The role of XPC protein deficiency in tobacco smoke-induced DNA hypermethylation of tumor suppressor genes

DNA hypermethylation of tumor suppressor genes has been frequently observed in cancer patients, and therefore, may provide a valuable biomarker for cancer prevention and treatment. DNA hypermethylation may also provide an important mechanism in cancer progression. Lung cancer is strongly associated with exposure to environmental carcinogens, especially tobacco smoke. DNA damage generated by tobacco smoke is believed to play an important role in lung cancer development. XPC is a DNA damage recognition protein required for DNA repair and other DNA damage responses and attenuated XPC protein levels have been detected in many lung cancer patients. We studied the role of XPC protein deficiency in tobacco smoke-caused DNA hypermethylation of important tumor suppressor genes.
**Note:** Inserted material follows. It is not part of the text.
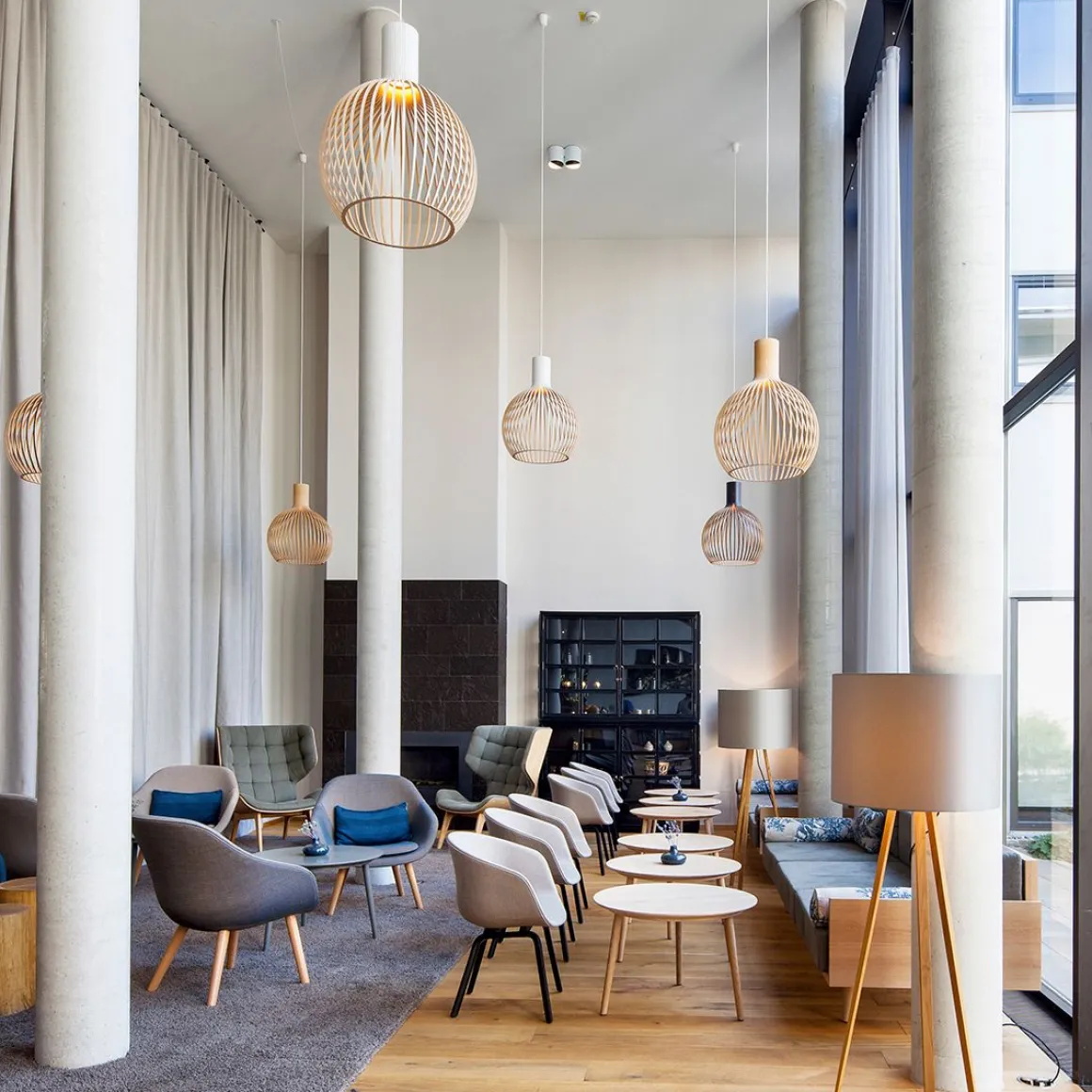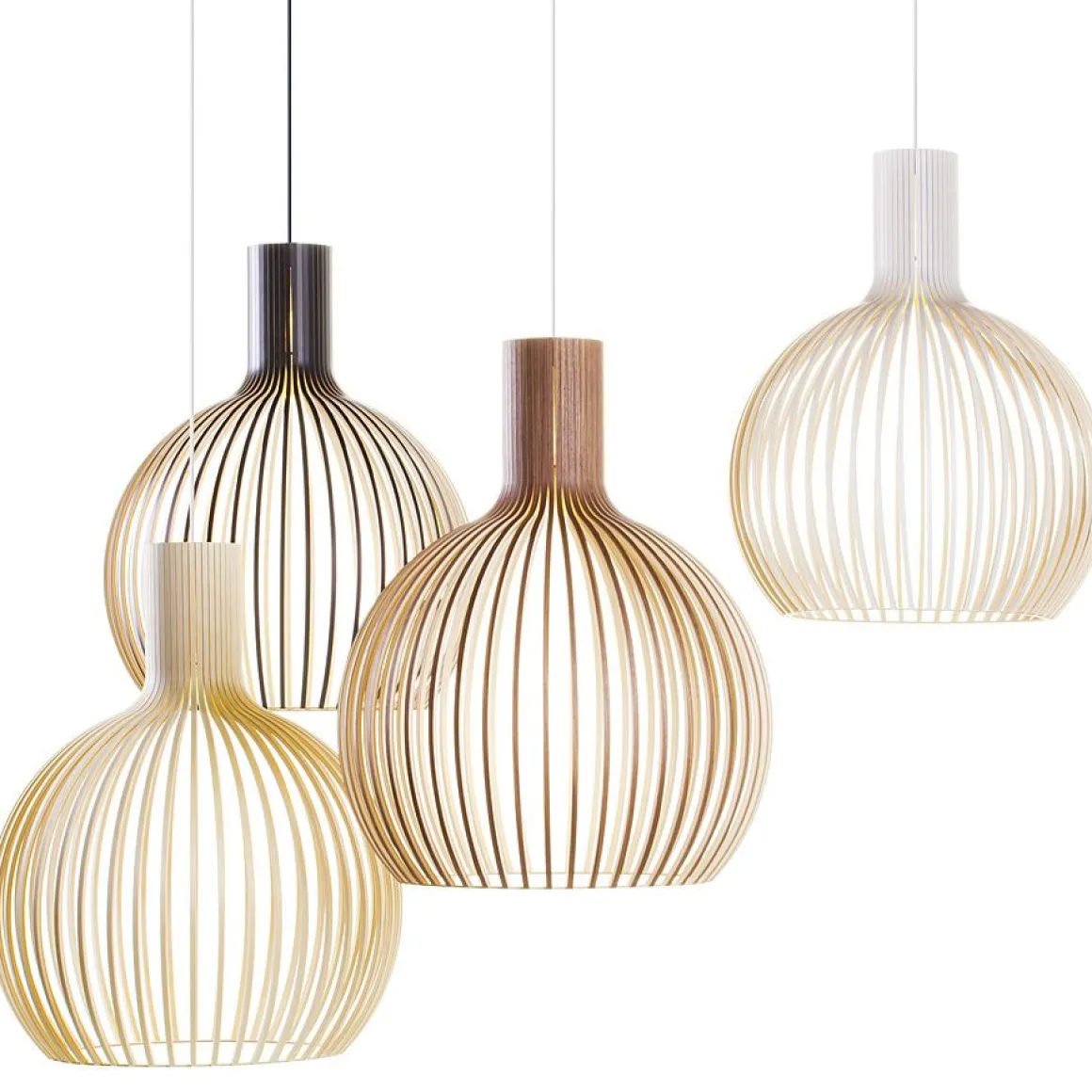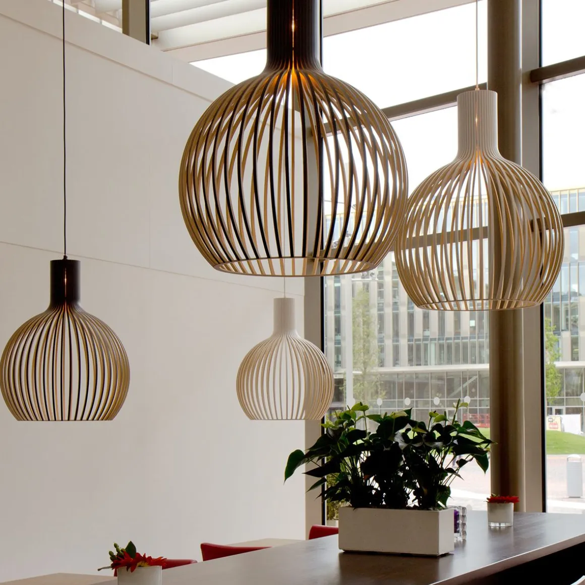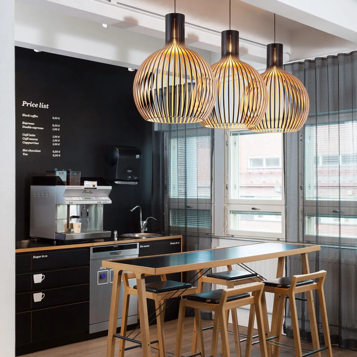 Octo est une suspension de la marque Secto design. La suspension Octo est entièrement fabriquée à la main par des artisans hautement qualifiés et certifiés de Finlande. Les lattes des abat-jours sont reliées par des anneaux réalisés en « aircraft plywood », matériau utilisé en aéronautique car hautement résistant à la chaleur. Secto Design a une démarche citoyenne sur la réduction de son empreinte écologique en s’approvisionnant localement en bois et en recyclant ses déchets comme bois de chauffage, en jouets pour les crèches ou pour les écoles de menuiserie. Cette suspension prend une forme plus arrondie telle une sphère suspendue. Quelque soit le modèle choisi, ces suspensions sont d’une élégance parfaite et apporte chaleur et naturel dans votre intérieur.

Using both normal human fibroblasts (NF) and XPC-deficient hu man fibroblasts (XPC), our DNA methylation studies demonstrated that the XPC deficiency caused elevated levels of DNA hypermethylation in both Brca1 and Mlh1 tumor suppressor genes following exposure to tobacco smoke condensate (TSC). The results of our ChIP studies revealed that the XPC deficiency led to an increased binding of DNA methyltransferase 3A (DNMT3A) at the promoter region CpG island-containing sequences of these genes under the TSC treatment; however, this increase was partially diminished with prior treatment with caffeine. The results of our immuno-precipitation (IP) studies demonstrated a protein-protein interaction of the ATR with DNMT3A. Our western blots revealed that the XPC deficiency caused an increase in TSC-induced ATR phosphorylation at serine 428, an indicator of ATR activation. All these results suggest that XPC deficiency causes an accelerated DNA hypermethylation in important tumor suppressor genes under tobacco smoke exposure and activation of the ATR signaling pathway is involved in this DNA hypermethylation process.